Classes were held in the morning and one-to-one sessions in the afternoon. Every evening something was planned, usually readings: our own work, an author’s work we admire, our tutors’ work etc. On the Wednesday night we had a visit from literary agent Geraldine Cooke.

My aim for the week was to dive into my manuscript and work out the new and improved structure; what needs to go where to tell the best story? I didn’t exactly achieve that but did accomplish something else. Back in March of this year I couldn’t see how to edit or what to cut but now I can. I’ve lost the fear for the mess that will ensue once I start moving bits of story around. And I got some faith back – this might sound mad – I believe that I will know in spite of the muddle what needs to be moved. I believe in my intuition again. I have it; I just need to listen.

There are so many wonderful things about Arvon courses: the dedicated time to write, to think about writing, to spend time with other writers and the experts – the tutors and the guests – who will answer all those questions that you have but haven’t known who to ask.

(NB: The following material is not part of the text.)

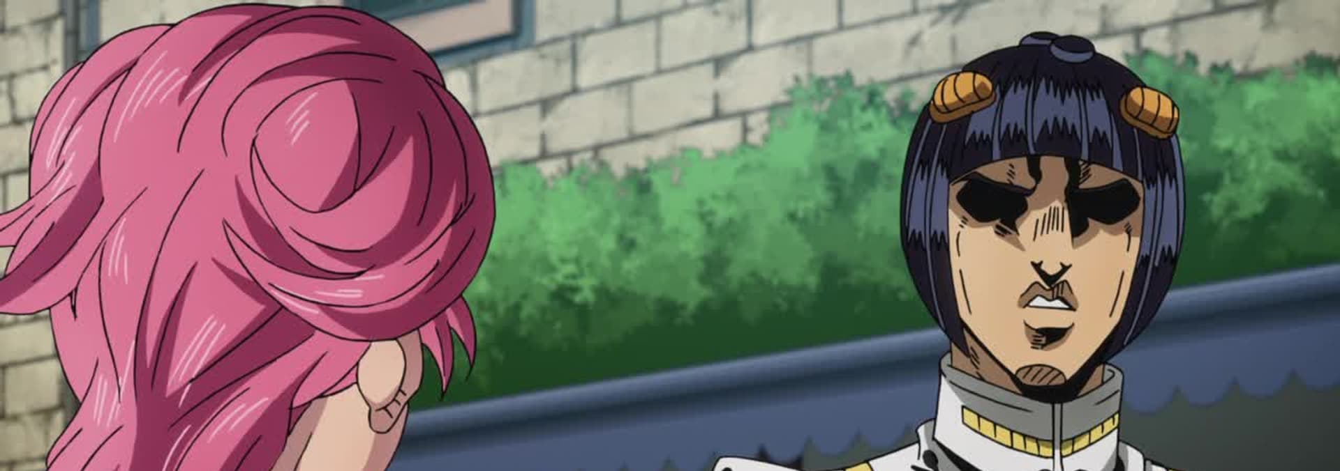 Bruno and team, now self-chosen traitors, learn from Trish during a moment of calm at a Venetian cafe a trip to Sardegna is vital. Chaos, then, erupts as Narancia loses his tongue and ability to speak the truth after spotting a shark in his soup.

I’ve come away determined. I’m going to finish my novel and start subbing it to agents. I’ve got an idea for a radio play and I’m going to prepare and sub an idea for a non-fiction book I’ve been contemplating for several years.


Tuesday, August 03, 2010

‘Stick to the roads; steer clear of the moors.’

I’ve always wanted to do an Arvon writing course but every time I looked at their website, the courses were often already full. Attendees go back again and again which says it all, doesn’t it?

You can go to a taught course or a retreat – tutored or untutored - at one of four centres in the UK: Yorkshire, Shropshire, Devon and Inverness. In the interest of research I have plans to go to each one now, oh yes I do. (If you can’t afford a course you can apply for assistance. This isn’t something they say and then don’t follow through on; they absolutely do put their money where their mouths are –you can find out how at their website.)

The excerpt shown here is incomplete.